WHAT YOU ARE ASKED TO DO ▸
Without reproducing any image, print the listing below exactly.
SUPPLIED MATERIAL START
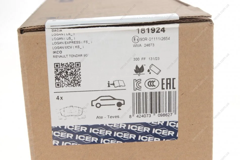 Колодки тормозные (передние) Renault Logan/Dacia Logan 04-/Sandero 10-/Lada Largus 12- ICER 181924 (6001549803, 4106000Q0C, 8671016701)
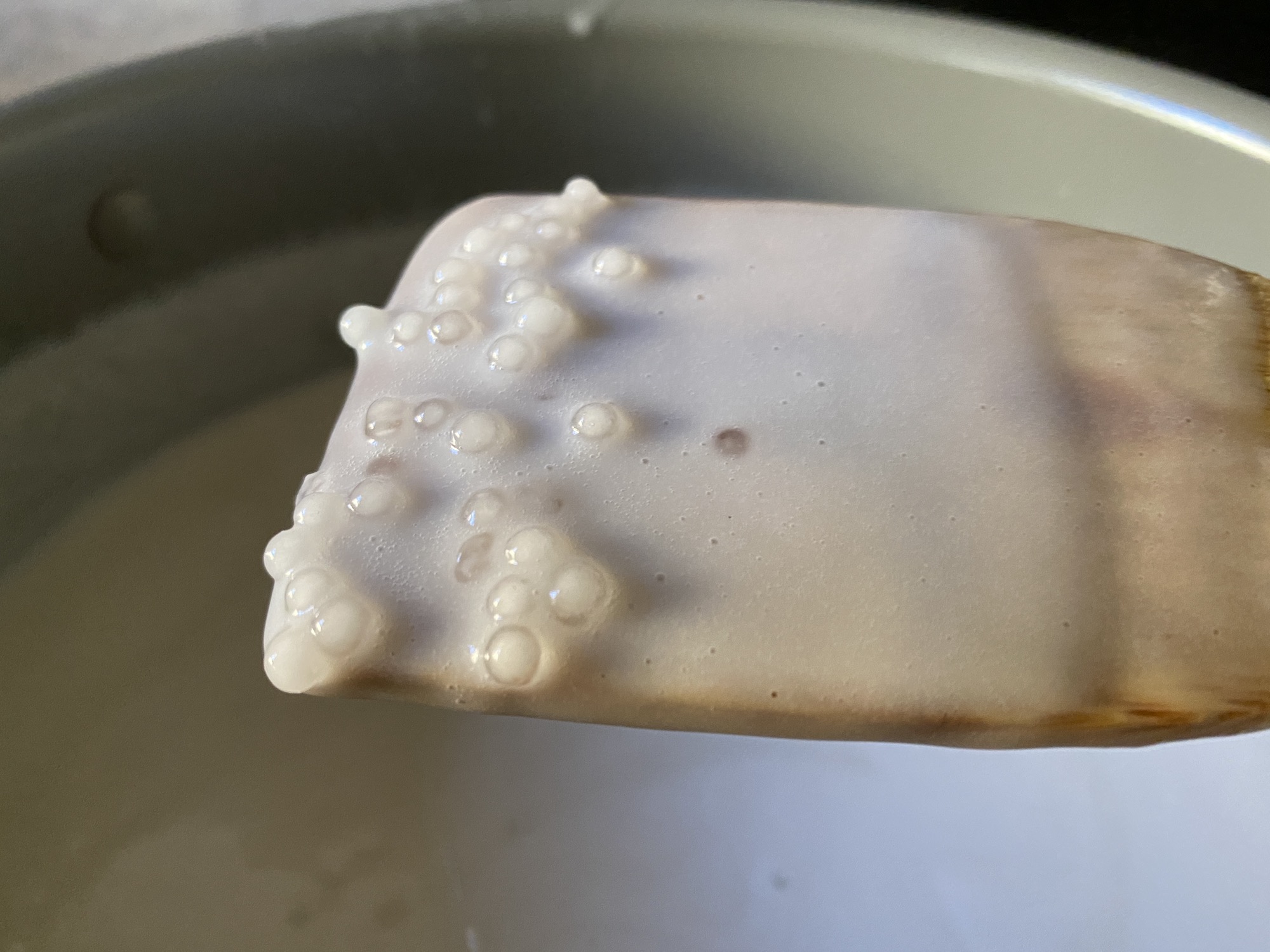 - Reduce heat to low/med and let simmer for 15 minutes until tapioca pearls are transparent and the mixture has thickened. BE CAREFUL: keep an eye on things and stir frequently to avoid those little tapiocas getting stuck on the bottom of the pan.
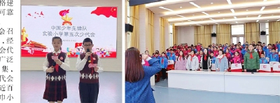 辅导员韩秀娟老师、施玉霞老师和冯娟老师分别带领参会的少代会代表们重温入队誓词,队员们的眼中流露出毫不动摇的坚定信念与热烈的爱国之情。
SUPPLIED MATERIAL END
RESPONSE ▸
 Колодки тормозные (передние) Renault Logan/Dacia Logan 04-/Sandero 10-/Lada Largus 12- ICER 181924 (6001549803, 4106000Q0C, 8671016701)
 - Reduce heat to low/med and let simmer for 15 minutes until tapioca pearls are transparent and the mixture has thickened. BE CAREFUL: keep an eye on things and stir frequently to avoid those little tapiocas getting stuck on the bottom of the pan.
 辅导员韩秀娟老师、施玉霞老师和冯娟老师分别带领参会的少代会代表们重温入队誓词,队员们的眼中流露出毫不动摇的坚定信念与热烈的爱国之情。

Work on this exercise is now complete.